• WHAT TO DO:
In the data below, find the line containing "今年的F1賽季將從3月份開始" and the line containing "A special mechanism", then reproduce them and every line between, exactly. Omit pictures.

• SUPPLIED ENTRIES:
- - - - - - -

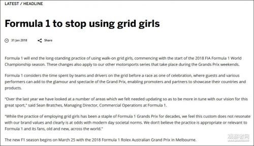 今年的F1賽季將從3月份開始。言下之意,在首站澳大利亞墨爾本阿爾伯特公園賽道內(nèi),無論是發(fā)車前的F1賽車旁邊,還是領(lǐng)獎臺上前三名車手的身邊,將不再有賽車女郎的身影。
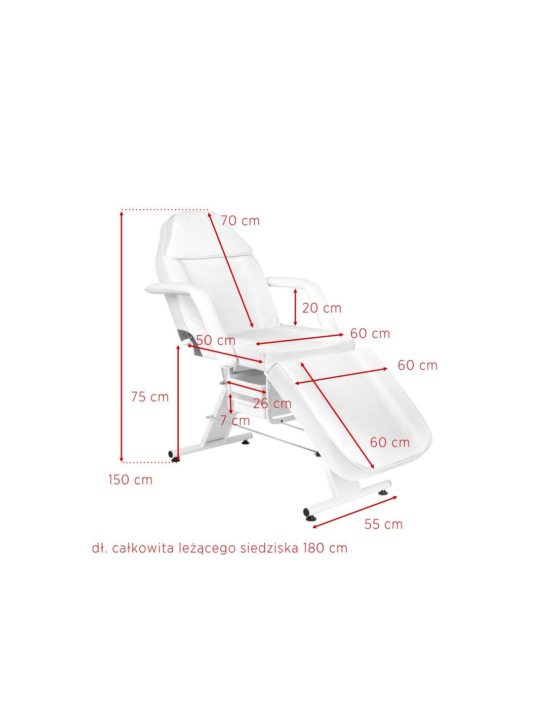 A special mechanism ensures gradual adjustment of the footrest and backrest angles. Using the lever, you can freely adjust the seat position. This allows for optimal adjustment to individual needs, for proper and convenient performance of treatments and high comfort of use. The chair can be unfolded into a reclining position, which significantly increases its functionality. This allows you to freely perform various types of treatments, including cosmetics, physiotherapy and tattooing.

- - - - - - -

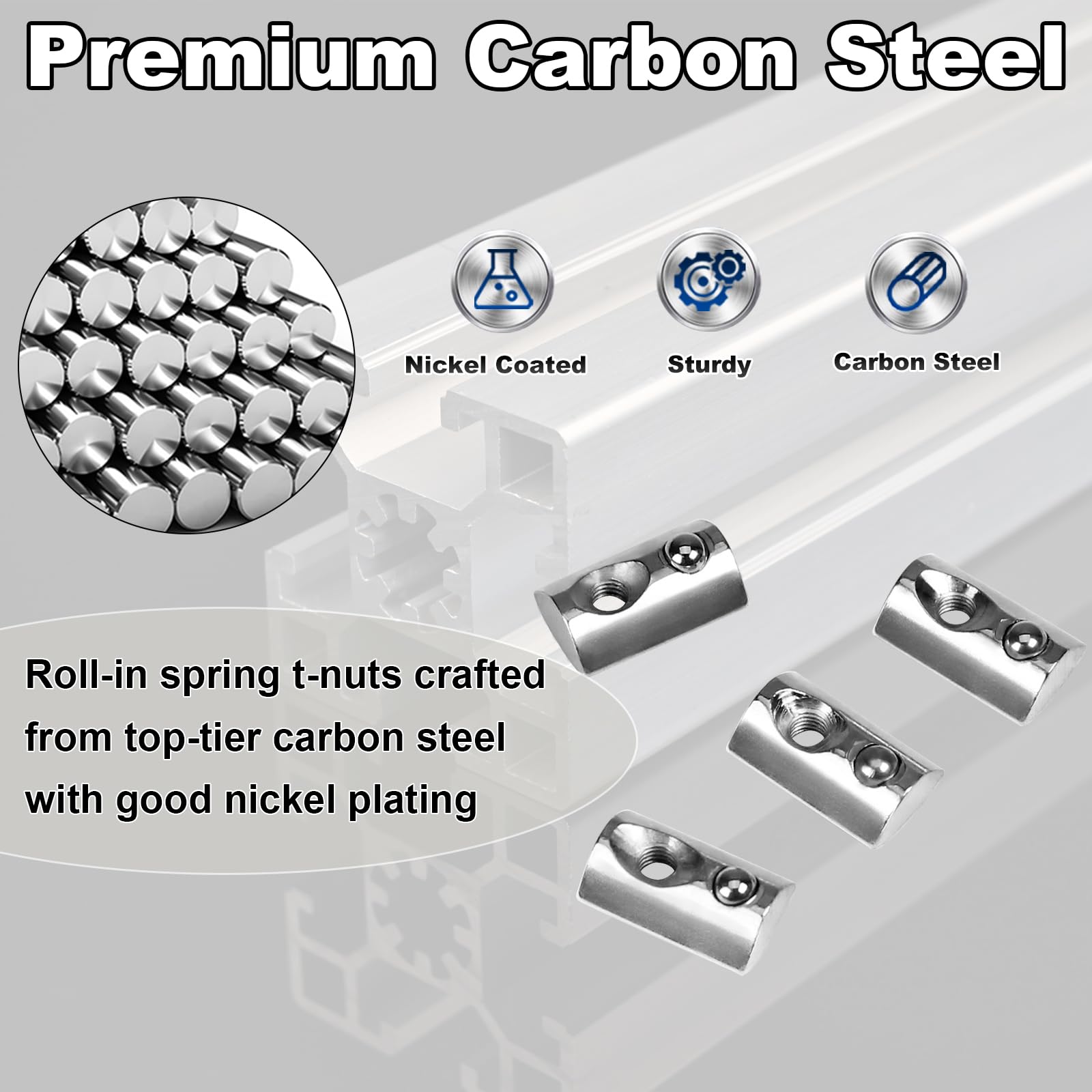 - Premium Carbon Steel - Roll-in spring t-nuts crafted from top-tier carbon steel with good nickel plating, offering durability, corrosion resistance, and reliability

- - - - - - -

• ANSWER BELOW:
 今年的F1賽季將從3月份開始。言下之意,在首站澳大利亞墨爾本阿爾伯特公園賽道內(nèi),無論是發(fā)車前的F1賽車旁邊,還是領(lǐng)獎臺上前三名車手的身邊,將不再有賽車女郎的身影。
 A special mechanism ensures gradual adjustment of the footrest and backrest angles. Using the lever, you can freely adjust the seat position. This allows for optimal adjustment to individual needs, for proper and convenient performance of treatments and high comfort of use. The chair can be unfolded into a reclining position, which significantly increases its functionality. This allows you to freely perform various types of treatments, including cosmetics, physiotherapy and tattooing.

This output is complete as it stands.